Wednesday, March 2, 2011

Growing nanny state knows what's best for you...

SAN FRANCISCO (AP) — A California couple has been reunited with their two young children, more than eight months after losing custody when naked pictures of the youngsters were found on the father's laptop, their attorney said. How odd we are. I can open a drawer at my mother's house and find pictures of me as a baby romping around outside naked - playing with a water hose, running away from a parent with diaper in hand, splashing and playing in a small plastic pool. This new fear of nudity isn't prudishness, it's an extreme overreaction to the smallest possibility of abuse even when there is no other evidence to support it. We are looking at parents searching for monsters.

Now, the family is planning to sue the child welfare agency.

The father and his wife were arrested briefly in June on suspicion of child pornography and related charges after a technician at his employer found the pictures among digital family photographs.

Prosecutors reviewed the case, determined the son took the photographs and did not file charges.

The case sparked an uproar in the couple's native Serbia when the child protection agency did not return the children, ages 8 and 5, after prosecutors cleared the parents of criminal wrongdoing.

Serbian officials contacted the State Department, and the Serbian government funded their defence.

The parents said some photographs might look inappropriate to some people, but had maintained all along that they were taken by the couple's 8-year-old son while playing with the camera.

The San Joaquin County Child Protective Service's Agency, which makes decisions about custody independent of criminal investigations, refused to return the children for months.

The agency said the couple's daughter said she was sexually abused by her father.
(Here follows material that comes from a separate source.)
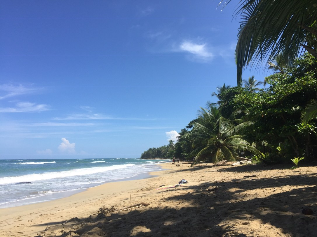 The next morning, we are off to Manzanillo beach, a little further south. It is not hidden from the road like the beach from the day before, but we finally find some crystal clear water so we spend another relaxed morning reading, tanning and swimming. After lunch, we head back to the chocolate place for an iced mocha. We run into two Italians we had met during the tour and exchange about our travel experiences. From them, we learn that the beach we were looking for on the first day is in fact a bit further north and that the water there is very quiet. We decide to check it out – the water is a bit muddier than in Manzanillo, but the setting is unbeatable. Jungle up to the water, calm waves, and we even spot a sloth curled up in a tree. It is already the late afternoon, so we decide that this would be where we would spend our last day on the Caribbean coast.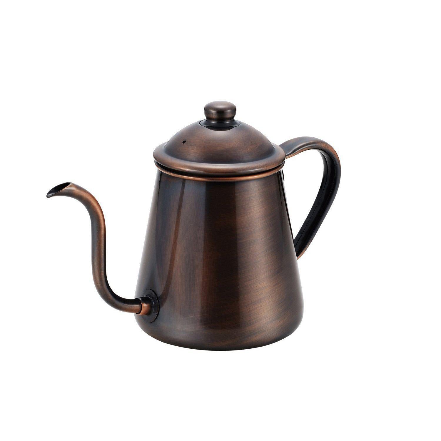 The Takahiro Coffee Drip Pot Bronze is a superior pouring kettle shaped with durable 18-8 stainless steel by craftsmen in Japan.

On Feb. 14, the children were allowed to return home. Janine Molgaard, an attorney for the agency who handled the case, did not return a call seeking comment.

The family members are not named in this story because The Associated Press does not directly or indirectly identify alleged victims of sexual assault.

The father, a 20-year U.S. resident living in Stockton, released a statement through his attorney.

"We had the means and the support of an entire country (Serbia) to help us," he said. "But I have to wonder how many families are given the same 'guilty until proven innocent' kind of treatment."An excellent question.

Desko Nikitovic, Serbia's consul general in Chicago, said the family is planning to sue. They are seeking repayment of legal bills and damages.

"I think this family deserves to be reimbursed for every dollar lost or spent and the immeasurable pain this has caused," Nikitovic said. "This should serve as a message for a runaway agency."

Among the issues to be address in the couple's lawsuit are civil rights allegations.

The children were also separated and denied access to the family's Serbian Orthodox Christian priest, unless the priest spoke to them in English, said Nikitovic and the father's attorney, Robert Powell.